• _TASK DESCRIPTION_:
Every entry below has to appear again in your reply, word for word, but no picture may.

*** Opening of GIVEN INFORMATION ***

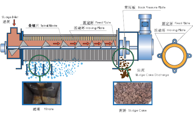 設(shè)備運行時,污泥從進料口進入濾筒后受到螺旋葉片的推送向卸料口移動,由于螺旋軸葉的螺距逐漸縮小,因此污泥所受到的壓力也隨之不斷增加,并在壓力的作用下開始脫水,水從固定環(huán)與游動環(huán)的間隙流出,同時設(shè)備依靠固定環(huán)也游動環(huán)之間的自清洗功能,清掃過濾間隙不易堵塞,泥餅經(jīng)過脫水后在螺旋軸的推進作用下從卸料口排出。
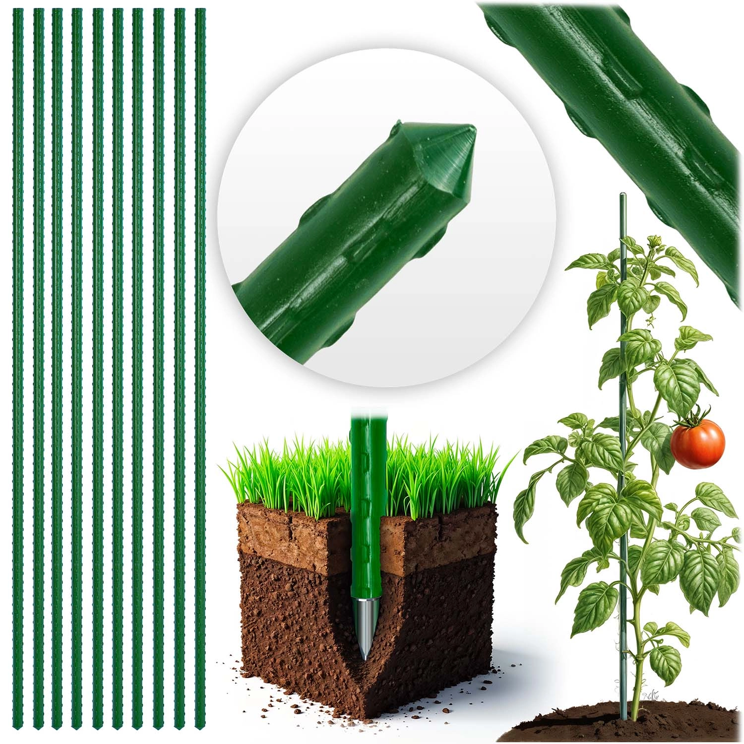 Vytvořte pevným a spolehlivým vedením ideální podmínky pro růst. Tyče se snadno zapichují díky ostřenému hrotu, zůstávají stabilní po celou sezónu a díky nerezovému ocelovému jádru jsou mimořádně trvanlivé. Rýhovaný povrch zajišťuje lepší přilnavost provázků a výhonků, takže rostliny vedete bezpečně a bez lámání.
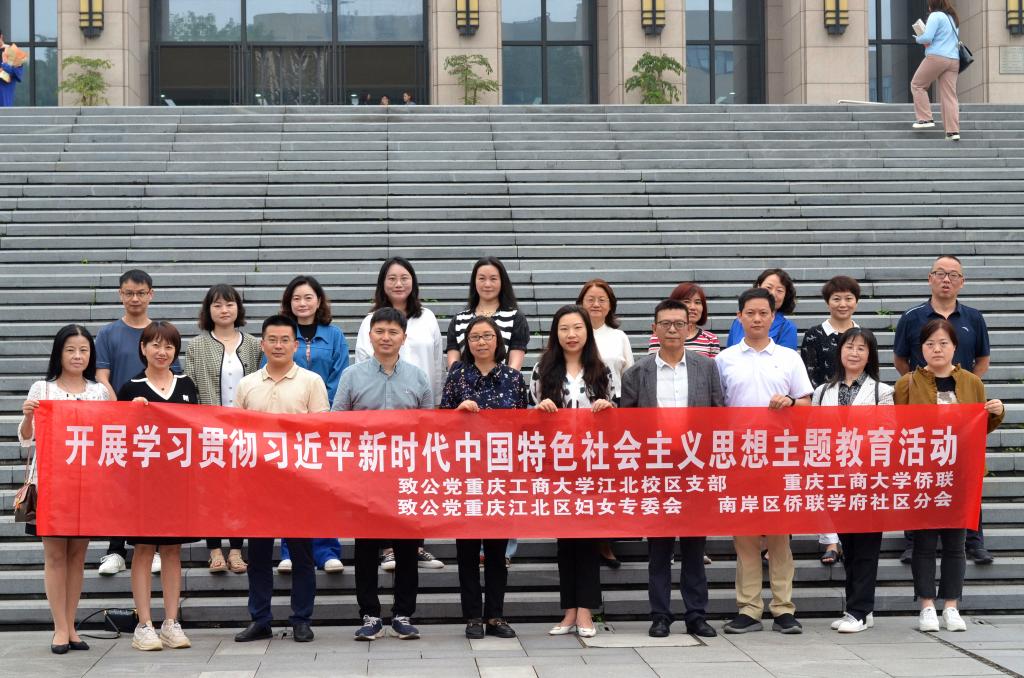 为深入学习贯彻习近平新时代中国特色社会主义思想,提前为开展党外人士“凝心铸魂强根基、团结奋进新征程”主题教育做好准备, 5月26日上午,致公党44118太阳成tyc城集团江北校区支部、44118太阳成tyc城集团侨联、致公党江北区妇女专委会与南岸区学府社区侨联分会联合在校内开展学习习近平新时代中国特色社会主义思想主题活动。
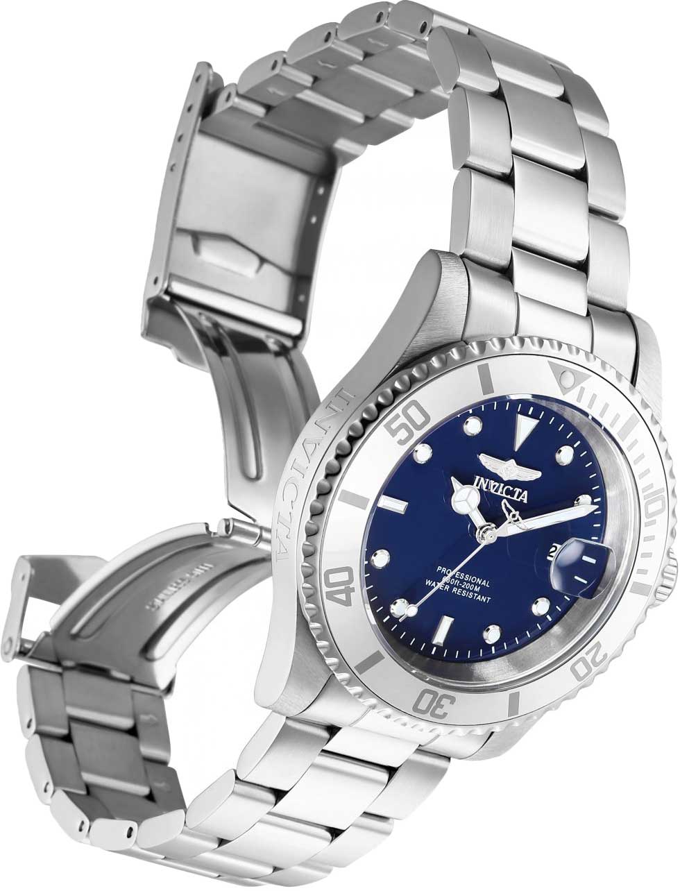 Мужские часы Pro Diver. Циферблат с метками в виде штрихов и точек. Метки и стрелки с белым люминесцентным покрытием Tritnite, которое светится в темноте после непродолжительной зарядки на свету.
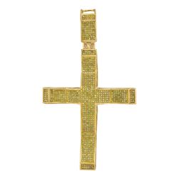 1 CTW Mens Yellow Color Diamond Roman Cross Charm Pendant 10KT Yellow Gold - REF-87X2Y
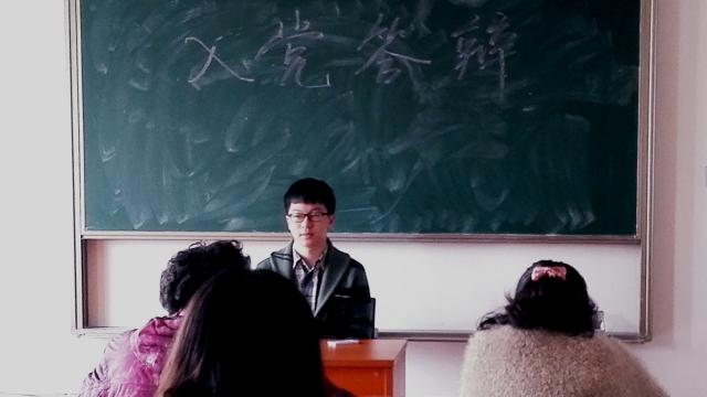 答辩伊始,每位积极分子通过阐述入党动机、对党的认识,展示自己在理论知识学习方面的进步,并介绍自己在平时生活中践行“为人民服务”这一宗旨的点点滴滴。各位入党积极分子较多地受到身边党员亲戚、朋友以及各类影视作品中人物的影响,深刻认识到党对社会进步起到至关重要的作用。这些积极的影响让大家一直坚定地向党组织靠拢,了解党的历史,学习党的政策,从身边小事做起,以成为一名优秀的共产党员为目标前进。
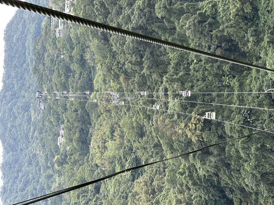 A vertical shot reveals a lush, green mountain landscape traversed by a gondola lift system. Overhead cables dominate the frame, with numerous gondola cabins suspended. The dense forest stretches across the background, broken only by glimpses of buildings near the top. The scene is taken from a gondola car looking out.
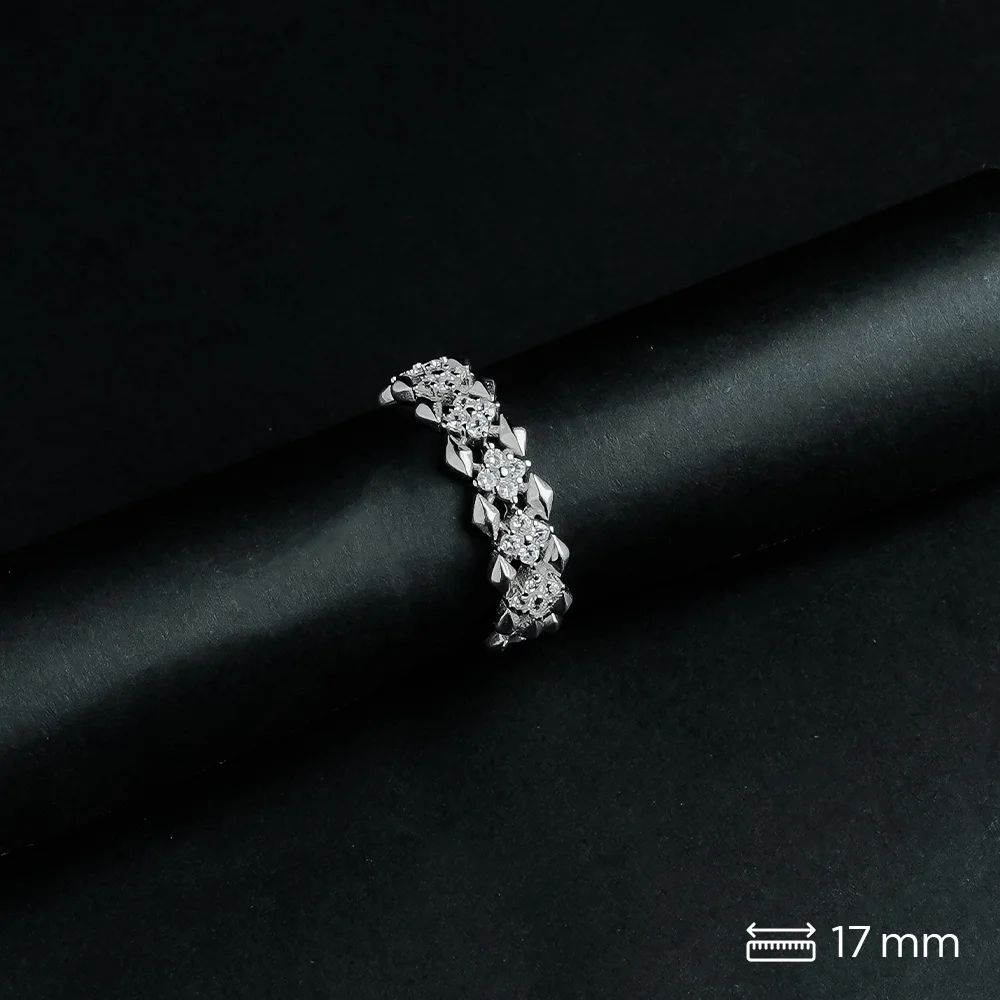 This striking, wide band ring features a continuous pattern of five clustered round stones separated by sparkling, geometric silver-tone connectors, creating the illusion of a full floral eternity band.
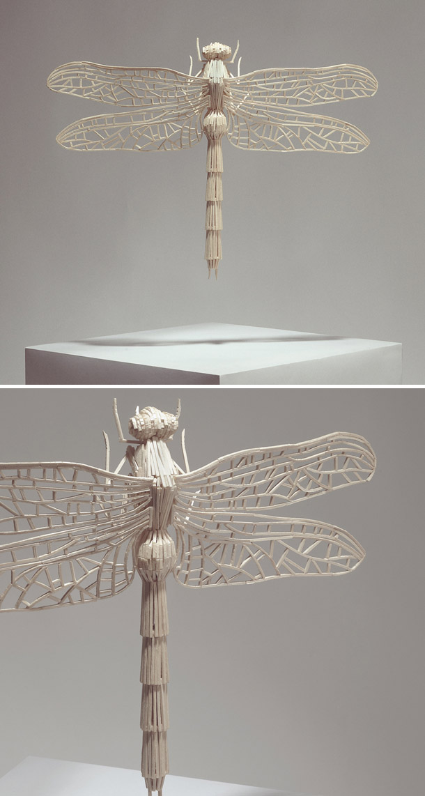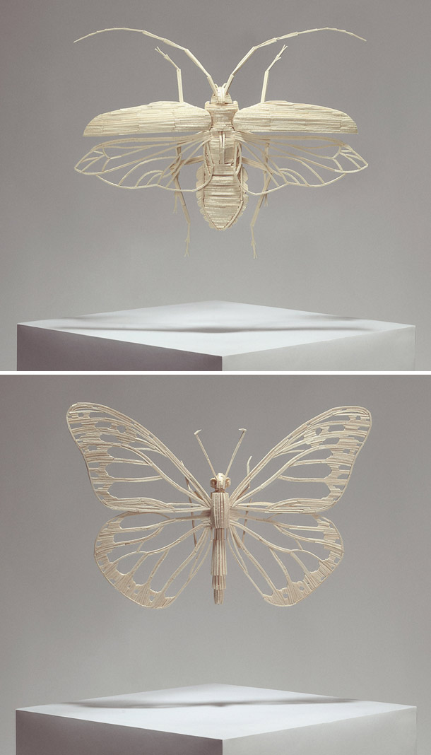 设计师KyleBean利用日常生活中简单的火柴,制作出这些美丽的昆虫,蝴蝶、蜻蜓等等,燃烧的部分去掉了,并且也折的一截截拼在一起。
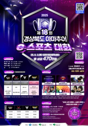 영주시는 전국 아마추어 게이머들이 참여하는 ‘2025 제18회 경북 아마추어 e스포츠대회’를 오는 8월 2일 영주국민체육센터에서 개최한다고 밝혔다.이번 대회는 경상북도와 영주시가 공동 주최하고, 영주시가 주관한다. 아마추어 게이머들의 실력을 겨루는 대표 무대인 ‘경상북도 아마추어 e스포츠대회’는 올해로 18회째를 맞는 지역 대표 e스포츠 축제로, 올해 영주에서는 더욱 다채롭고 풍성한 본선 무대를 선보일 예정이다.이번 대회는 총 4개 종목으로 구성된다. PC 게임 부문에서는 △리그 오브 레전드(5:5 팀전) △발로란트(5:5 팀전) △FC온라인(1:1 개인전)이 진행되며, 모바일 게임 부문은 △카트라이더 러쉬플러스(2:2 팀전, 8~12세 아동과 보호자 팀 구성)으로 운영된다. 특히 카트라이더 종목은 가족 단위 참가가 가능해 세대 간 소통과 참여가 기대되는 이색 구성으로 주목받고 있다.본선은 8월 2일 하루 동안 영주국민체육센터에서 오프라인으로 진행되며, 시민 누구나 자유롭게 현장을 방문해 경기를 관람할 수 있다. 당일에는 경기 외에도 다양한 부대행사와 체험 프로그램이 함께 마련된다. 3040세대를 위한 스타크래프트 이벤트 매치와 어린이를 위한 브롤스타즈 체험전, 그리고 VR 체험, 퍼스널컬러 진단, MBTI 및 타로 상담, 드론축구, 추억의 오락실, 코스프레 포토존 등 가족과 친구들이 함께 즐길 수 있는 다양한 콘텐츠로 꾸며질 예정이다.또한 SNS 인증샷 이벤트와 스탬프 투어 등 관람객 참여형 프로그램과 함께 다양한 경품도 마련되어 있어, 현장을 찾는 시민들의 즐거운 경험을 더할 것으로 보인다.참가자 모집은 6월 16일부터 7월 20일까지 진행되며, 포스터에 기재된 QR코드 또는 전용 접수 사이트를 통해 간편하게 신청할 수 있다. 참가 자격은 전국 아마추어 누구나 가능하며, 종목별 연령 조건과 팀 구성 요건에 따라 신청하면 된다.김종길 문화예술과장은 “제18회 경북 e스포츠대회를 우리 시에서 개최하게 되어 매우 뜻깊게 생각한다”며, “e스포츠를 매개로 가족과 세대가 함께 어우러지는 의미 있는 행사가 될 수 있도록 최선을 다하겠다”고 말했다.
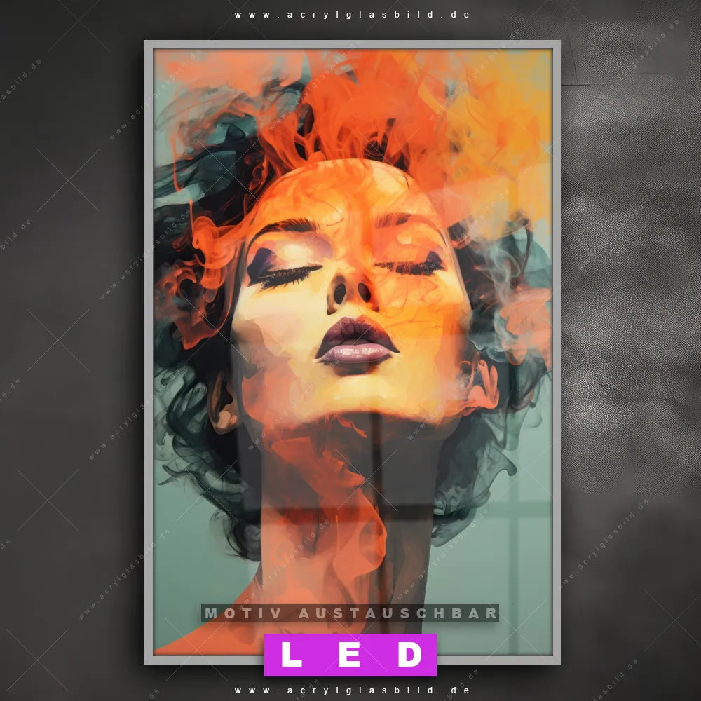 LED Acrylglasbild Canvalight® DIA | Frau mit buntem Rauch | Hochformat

*** Close of GIVEN INFORMATION ***

• _TASK OUTPUT_:
 設(shè)備運行時,污泥從進料口進入濾筒后受到螺旋葉片的推送向卸料口移動,由于螺旋軸葉的螺距逐漸縮小,因此污泥所受到的壓力也隨之不斷增加,并在壓力的作用下開始脫水,水從固定環(huán)與游動環(huán)的間隙流出,同時設(shè)備依靠固定環(huán)也游動環(huán)之間的自清洗功能,清掃過濾間隙不易堵塞,泥餅經(jīng)過脫水后在螺旋軸的推進作用下從卸料口排出。
 Vytvořte pevným a spolehlivým vedením ideální podmínky pro růst. Tyče se snadno zapichují díky ostřenému hrotu, zůstávají stabilní po celou sezónu a díky nerezovému ocelovému jádru jsou mimořádně trvanlivé. Rýhovaný povrch zajišťuje lepší přilnavost provázků a výhonků, takže rostliny vedete bezpečně a bez lámání.
 为深入学习贯彻习近平新时代中国特色社会主义思想,提前为开展党外人士“凝心铸魂强根基、团结奋进新征程”主题教育做好准备, 5月26日上午,致公党44118太阳成tyc城集团江北校区支部、44118太阳成tyc城集团侨联、致公党江北区妇女专委会与南岸区学府社区侨联分会联合在校内开展学习习近平新时代中国特色社会主义思想主题活动。
 Мужские часы Pro Diver. Циферблат с метками в виде штрихов и точек. Метки и стрелки с белым люминесцентным покрытием Tritnite, которое светится в темноте после непродолжительной зарядки на свету.
 1 CTW Mens Yellow Color Diamond Roman Cross Charm Pendant 10KT Yellow Gold - REF-87X2Y
 答辩伊始,每位积极分子通过阐述入党动机、对党的认识,展示自己在理论知识学习方面的进步,并介绍自己在平时生活中践行“为人民服务”这一宗旨的点点滴滴。各位入党积极分子较多地受到身边党员亲戚、朋友以及各类影视作品中人物的影响,深刻认识到党对社会进步起到至关重要的作用。这些积极的影响让大家一直坚定地向党组织靠拢,了解党的历史,学习党的政策,从身边小事做起,以成为一名优秀的共产党员为目标前进。
 A vertical shot reveals a lush, green mountain landscape traversed by a gondola lift system. Overhead cables dominate the frame, with numerous gondola cabins suspended. The dense forest stretches across the background, broken only by glimpses of buildings near the top. The scene is taken from a gondola car looking out.
 This striking, wide band ring features a continuous pattern of five clustered round stones separated by sparkling, geometric silver-tone connectors, creating the illusion of a full floral eternity band.
 设计师KyleBean利用日常生活中简单的火柴,制作出这些美丽的昆虫,蝴蝶、蜻蜓等等,燃烧的部分去掉了,并且也折的一截截拼在一起。
 영주시는 전국 아마추어 게이머들이 참여하는 ‘2025 제18회 경북 아마추어 e스포츠대회’를 오는 8월 2일 영주국민체육센터에서 개최한다고 밝혔다.이번 대회는 경상북도와 영주시가 공동 주최하고, 영주시가 주관한다. 아마추어 게이머들의 실력을 겨루는 대표 무대인 ‘경상북도 아마추어 e스포츠대회’는 올해로 18회째를 맞는 지역 대표 e스포츠 축제로, 올해 영주에서는 더욱 다채롭고 풍성한 본선 무대를 선보일 예정이다.이번 대회는 총 4개 종목으로 구성된다. PC 게임 부문에서는 △리그 오브 레전드(5:5 팀전) △발로란트(5:5 팀전) △FC온라인(1:1 개인전)이 진행되며, 모바일 게임 부문은 △카트라이더 러쉬플러스(2:2 팀전, 8~12세 아동과 보호자 팀 구성)으로 운영된다. 특히 카트라이더 종목은 가족 단위 참가가 가능해 세대 간 소통과 참여가 기대되는 이색 구성으로 주목받고 있다.본선은 8월 2일 하루 동안 영주국민체육센터에서 오프라인으로 진행되며, 시민 누구나 자유롭게 현장을 방문해 경기를 관람할 수 있다. 당일에는 경기 외에도 다양한 부대행사와 체험 프로그램이 함께 마련된다. 3040세대를 위한 스타크래프트 이벤트 매치와 어린이를 위한 브롤스타즈 체험전, 그리고 VR 체험, 퍼스널컬러 진단, MBTI 및 타로 상담, 드론축구, 추억의 오락실, 코스프레 포토존 등 가족과 친구들이 함께 즐길 수 있는 다양한 콘텐츠로 꾸며질 예정이다.또한 SNS 인증샷 이벤트와 스탬프 투어 등 관람객 참여형 프로그램과 함께 다양한 경품도 마련되어 있어, 현장을 찾는 시민들의 즐거운 경험을 더할 것으로 보인다.참가자 모집은 6월 16일부터 7월 20일까지 진행되며, 포스터에 기재된 QR코드 또는 전용 접수 사이트를 통해 간편하게 신청할 수 있다. 참가 자격은 전국 아마추어 누구나 가능하며, 종목별 연령 조건과 팀 구성 요건에 따라 신청하면 된다.김종길 문화예술과장은 “제18회 경북 e스포츠대회를 우리 시에서 개최하게 되어 매우 뜻깊게 생각한다”며, “e스포츠를 매개로 가족과 세대가 함께 어우러지는 의미 있는 행사가 될 수 있도록 최선을 다하겠다”고 말했다.
 LED Acrylglasbild Canvalight® DIA | Frau mit buntem Rauch | Hochformat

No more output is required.